Define “Progress”


Dracula Joe Pa hates it when
progress comes to
Transylvania State College

With PSU coming up this week, and looking like quite the hot little number, all tarted up in the trappings and glory of a 59-0 win over Florida International, it seems like a lot of the Notre Dame fan base is just hoping for "progress" from last week to this week. And by "progress," they don't necessarily mean winning.

Now, I'll tell you I know that ND can win this game. The talent is there. The coaching is there. If ND plays up to their potential, they will win. The only thing lacking is heavy doses of experience across the board and a few wafer-thin areas on the roster. On paper this may all look like a PSU blowout, but I kid you not ND can win this game, and I'm going to pick them to do so in our Expert Picks.

However, if we accept for a moment that "progress" can be achieved by ND this week without a notch on the "W" bedpost, how do we define it? Let's go through a little mental exercise without forfeiting the right to be royally p-o'd if ND doesn't shove a loss down Joe Pa's throat.

prog·ress [n. prog-res, -ruhs or, especially Brit., proh-gres; v. pruh-gres]

noun

  1. In over 90% of offensive snaps, the Irish offensive line maintains their blocks until the the whistle is blown.
  2. The Irish offensive line allows fewer than 3 QB sacks.
  3. The Irish QB connects on 60+% of his passes.
  4. ND running backs break at least 4 runs for more than 15 yards apiece.
  5. No stupid "anger" penalties.
  6. ND Fullbacks find their blocking target and whiff no more than 2 times.
  7. When the PSU defense blitzes, the ND QB will have enough presence to at least find the open man and attempt a throw.
  8. No PSU defenders will be able to blitz the QB while a ND "blocker," be it OL, TE, or RB is "blocking air."
  9. The ND OLB/DEs "set the edge" against outside run bouncing by PSU.
  10. The ND defense allows fewer than 125 yards rushing.
  11. The ND defense records 2+ turnovers.
  12. The PSU QB connects on fewer than 60% of his pass attempts.
  13. The ND kickoff return men make the correct read at the point of attack and break on the correct window each and every opportunity.
  14. Charlie Weis identifies and exploits a weakness in the PSU defense until PSU shows they can stop it (meaning exploitations occur at least 5+ times).
  15. Schwapp finally destroys someone with a block.
  16. Oh yeah, Charlie puts the damn ball in Armando's hands!

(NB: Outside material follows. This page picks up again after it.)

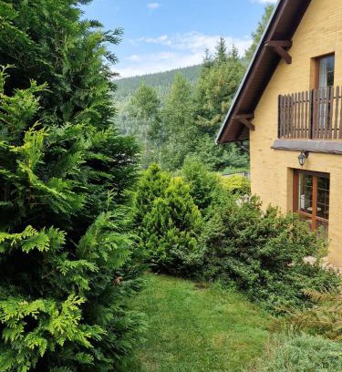 Mikołajówka - przytulny dom z widokiem offers accommodations in Świeradów-Zdrój, 11 miles from Death Turn and 12 miles from Izerska Railway. This property offers access to a balcony, free private parking, and free Wifi. Szklarki Waterfall is 14 miles away and Kamienczyka Waterfall is 14 miles from the apartment. Offering a terrace and mountain views, the spacious apartment includes 4 bedrooms, a living room, satellite flat-screen TV, an equipped kitchen, and 2 bathrooms with a hot tub and a bidet. Guests can enjoy a meal on an outdoor dining area while overlooking the garden views. The accommodation is non-smoking. Dinopark is 12 miles from the apartment, while Szklarska Poreba Bus Station is 13 miles from the property. Copernicus Wrocław Airport is 86 miles away.

That's a pretty big list, and I'm a reasonable guy, so let's say that, in my world, if something has 75% "duckness," it's a duck. Therefore, if ND accomplishes 75% of the things on this list, it's achieved progress. Which, of course, simply means that the ND coaching staff is doing it's job.

Last week's Irish offense turned me into a newt!

But again, if ND doesn't win, I reserve the right to achieve monumental progress on my level of anger, and ND had better be ready to win against Michigan.

What would you add to the list?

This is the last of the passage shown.